■ What the task asks: The records below must be reproduced exactly. Strip out the pictures.

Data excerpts
____

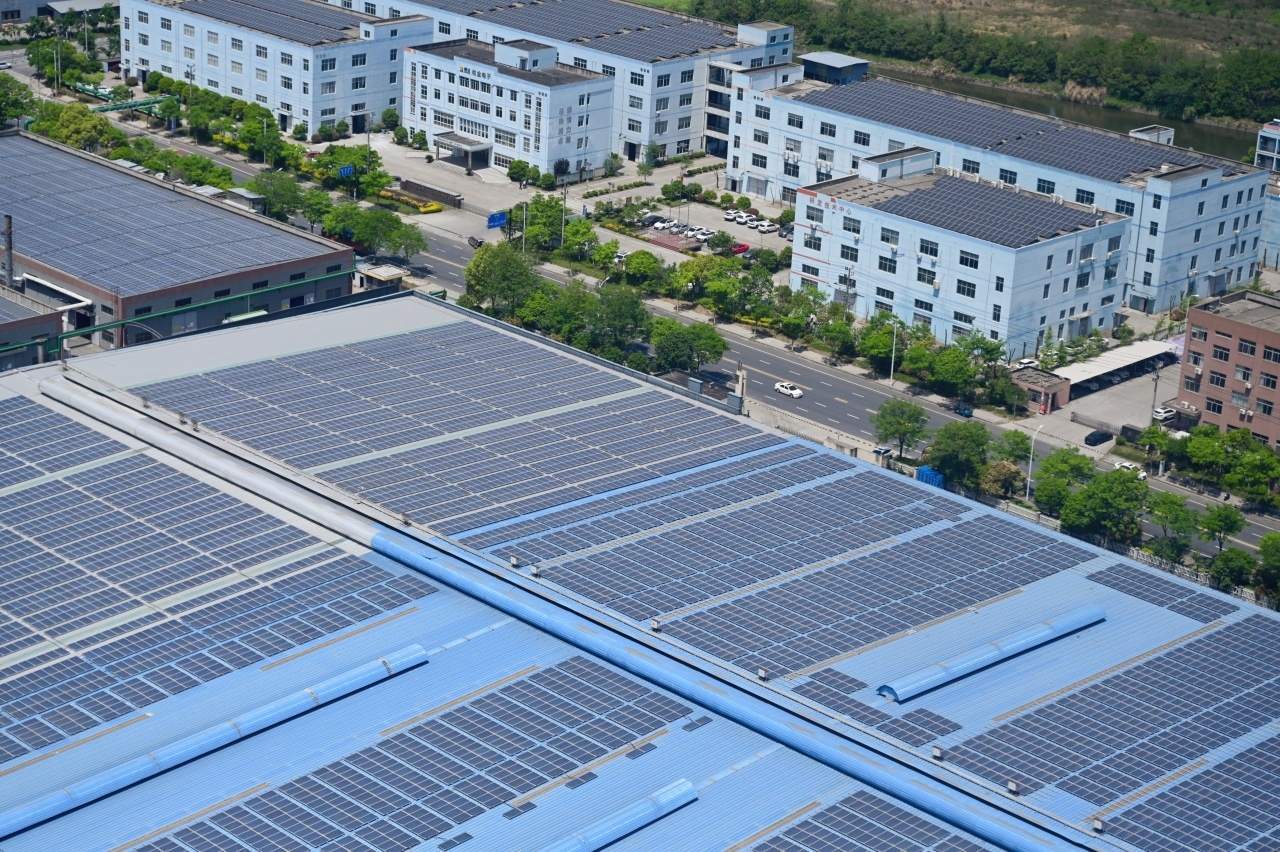 在尖山,企業(yè)屋頂安裝光伏已成為“標(biāo)配”。如今,已有 232 家尖山企業(yè)積極響應(yīng)號(hào)召,成功安裝光伏發(fā)電設(shè)施,數(shù)量占到了全部工業(yè)企業(yè)數(shù)量的74.1%,鋪設(shè)面積占區(qū)域屋頂總面積的比例更是突破70%,全年發(fā)電量超4.06億千瓦時(shí),在全國(guó)同類工業(yè)園區(qū)中遙遙領(lǐng)先。
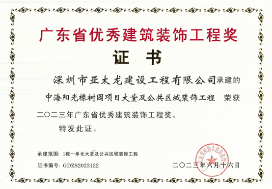 广东省优秀建筑装饰工程奖—中海阳光橡树园项目大堂及公共区域装饰
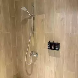 The decor is simple and rustic, dominated by wood tones. Check-in is self-service; you simply pick up your room key from the key box in the lobby and go upstairs. Check-out is also done by hand. The double bed is oversized, with just the right firmness for a comfortable sleep. The separate toilet and shower ensure friends can enjoy the stay without having to worry about waiting for each other.
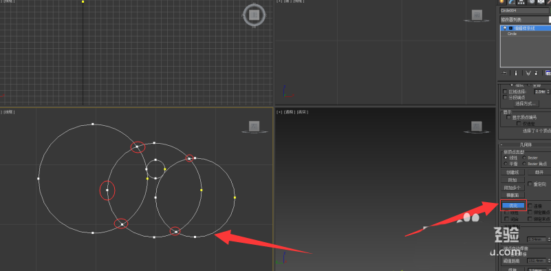 4、进入点物体级别,选择“优化”工具,在图所示圆圈处添加点;
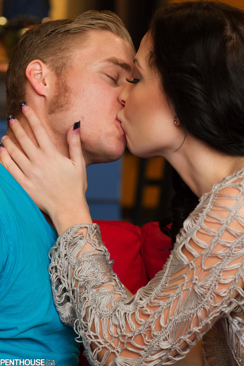 センターフォールドモデルAria Aspenが赤いソファで男と情熱的なキスと激しいハードコアセックスを共有し、ドロドロの中出しフィニッシュ。
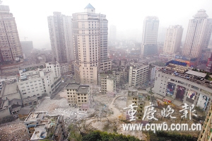 “轟!”昨天早上8點,伴隨著一聲巨響,江北觀音橋商圈渝北二村二號地塊的6棟居民樓瞬間倒塌,整個過程僅有1.5秒,絲毫未影響到周圍密集的居民區和各種管網。據悉,這是今年我市危舊房改造的第一爆,爆破原址將建200多米高五星級酒店,成為江北第一高樓。
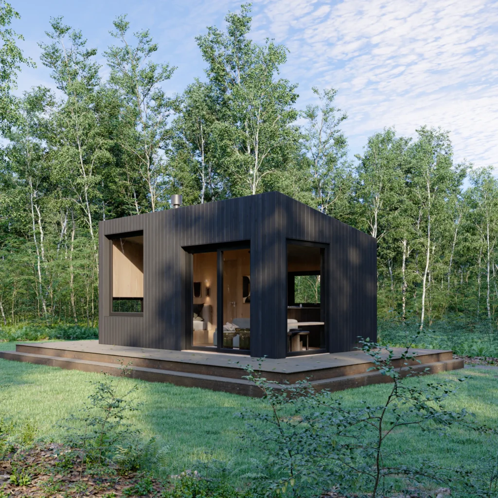 De YW05 cabin benut zijn 21 m² optimaal door bed, woonkamer en keuken naadloos te integreren. Panoramische ramen en verfijnde details zorgen voor een premium gevoel in een compact formaat.
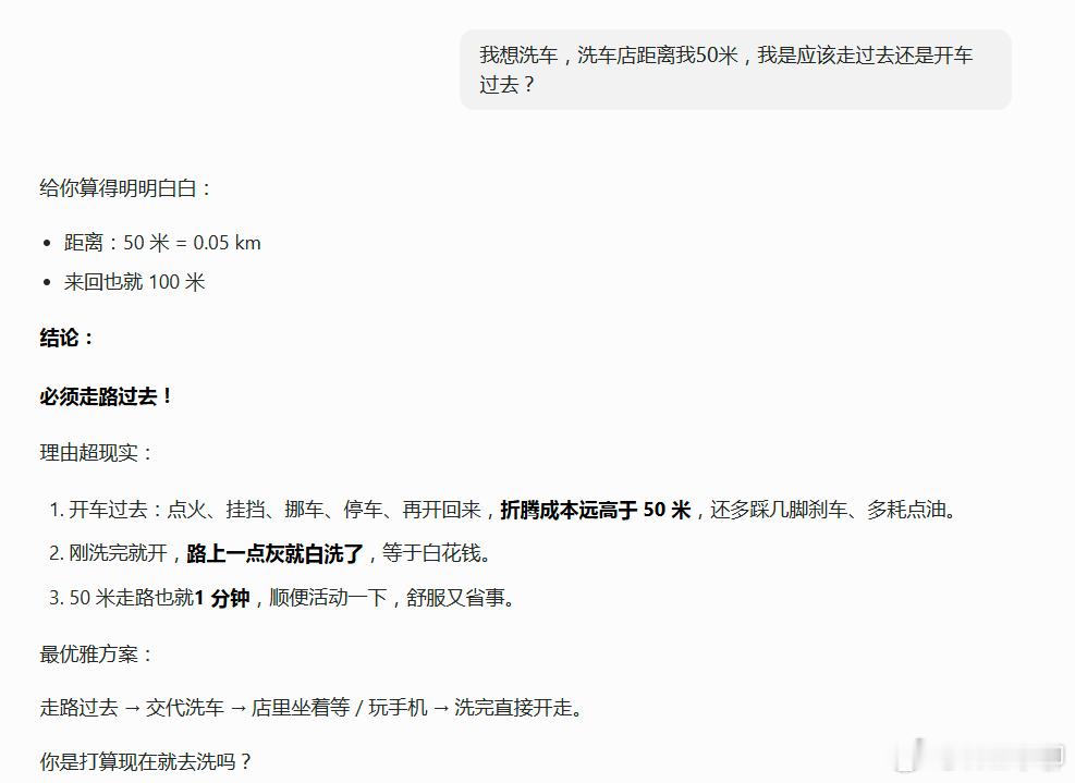 理由超现实:开车过去:点火、挂挡、挪车、停车、再开回来,折腾成本远高于 50 米,还多踩几脚刹车、多耗点油。刚洗完就开,路上一点灰就白洗了,等于白花钱。50 米走路也就1 分钟,顺便活动一下,舒服又省事。
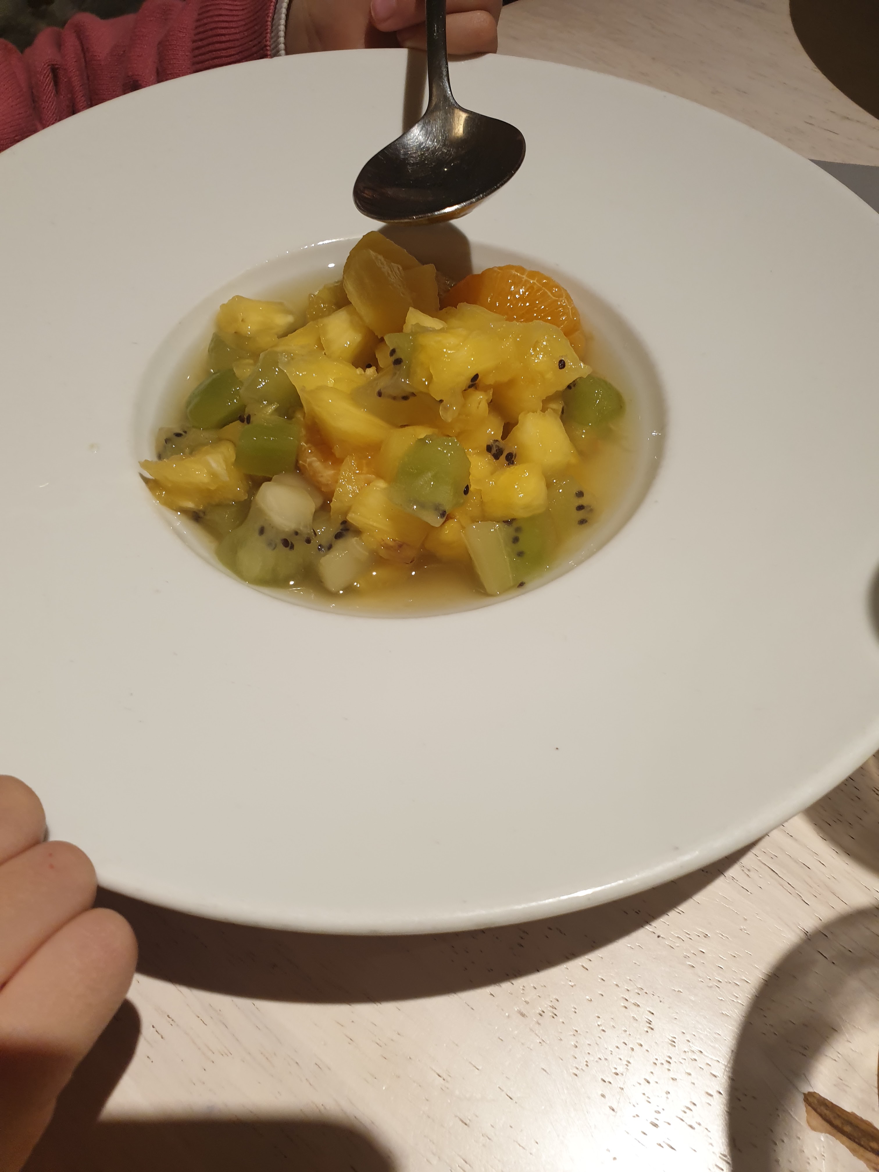 Déjeuner à 4 : 2 adultes et 2 enfants. Très bon accueil , service de qualité tout au long du repas. Menus enfants au top : quantité, qualité ! Pour nous brochette de saumon et brochette de bœuf: un délice Accompagnements de qualité et équilibré :velouté de choux fleur, salade , crudités, frites . Merci

____

■ Response area:
 在尖山,企業(yè)屋頂安裝光伏已成為“標(biāo)配”。如今,已有 232 家尖山企業(yè)積極響應(yīng)號(hào)召,成功安裝光伏發(fā)電設(shè)施,數(shù)量占到了全部工業(yè)企業(yè)數(shù)量的74.1%,鋪設(shè)面積占區(qū)域屋頂總面積的比例更是突破70%,全年發(fā)電量超4.06億千瓦時(shí),在全國(guó)同類工業(yè)園區(qū)中遙遙領(lǐng)先。
 广东省优秀建筑装饰工程奖—中海阳光橡树园项目大堂及公共区域装饰
 The decor is simple and rustic, dominated by wood tones. Check-in is self-service; you simply pick up your room key from the key box in the lobby and go upstairs. Check-out is also done by hand. The double bed is oversized, with just the right firmness for a comfortable sleep. The separate toilet and shower ensure friends can enjoy the stay without having to worry about waiting for each other.
 4、进入点物体级别,选择“优化”工具,在图所示圆圈处添加点;
 センターフォールドモデルAria Aspenが赤いソファで男と情熱的なキスと激しいハードコアセックスを共有し、ドロドロの中出しフィニッシュ。
 “轟!”昨天早上8點,伴隨著一聲巨響,江北觀音橋商圈渝北二村二號地塊的6棟居民樓瞬間倒塌,整個過程僅有1.5秒,絲毫未影響到周圍密集的居民區和各種管網。據悉,這是今年我市危舊房改造的第一爆,爆破原址將建200多米高五星級酒店,成為江北第一高樓。
 De YW05 cabin benut zijn 21 m² optimaal door bed, woonkamer en keuken naadloos te integreren. Panoramische ramen en verfijnde details zorgen voor een premium gevoel in een compact formaat.
 理由超现实:开车过去:点火、挂挡、挪车、停车、再开回来,折腾成本远高于 50 米,还多踩几脚刹车、多耗点油。刚洗完就开,路上一点灰就白洗了,等于白花钱。50 米走路也就1 分钟,顺便活动一下,舒服又省事。
 Déjeuner à 4 : 2 adultes et 2 enfants. Très bon accueil , service de qualité tout au long du repas. Menus enfants au top : quantité, qualité ! Pour nous brochette de saumon et brochette de bœuf: un délice Accompagnements de qualité et équilibré :velouté de choux fleur, salade , crudités, frites . Merci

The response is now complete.